My two tips from this year are represented in this track, which I made from a Pure Data patch I’ve enjoyed constructing and playing around with a lot this year. I use Automatonism in Pure Data, which I find to be an incredible tool that really opened up ‘computer music’ for me.
The first tip is to use the Parameter Nudge module in Autom, which will when triggered (either by button press or by a trigger signal) nudge every parameter in the whole patch by a certain (adjustable) amount. This has fantastic potential for creating generative systems, controlled randomness or absolute chaos. I don’t use modular, but even if I did I would not be able to tweak every knob in the rack several times a second!

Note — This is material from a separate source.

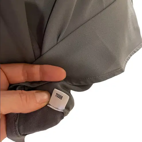 Ann Taylor Factory Gray Long Sleeve V-Neck Pull On Silver Button Sleeve Blouse Size XS Front is poly... Show more

The second tip is pretty basic, but it was valuable to me: get a midi controller! I always associated MIDI with keyboards predominantly, which doesn’t do much for me as I’m not playing songs or writing melodies. But I picked up a nice and cheap Nanokontrol this year so that I could control Pd / Autom patches with knobs and sliders over MIDI CC, and it’s made a huge difference. As I can map the controls freely, I’m essentially building instruments and playable systems now, which opens up a huge amount of potential. (Old news to most lines folks I’m sure…)
The first half of this track is a generative chaos patch ‘frozen’, e.g. I’ve switched off the master clock, so no parameters are being nudged, and I’m fading the four channels up and down with the controller. Then I trigger the master clock on, and the nudges start firing again and the soundscape gets very fast and busy and noisy. I continue to work on the channel faders throughout. Enjoy!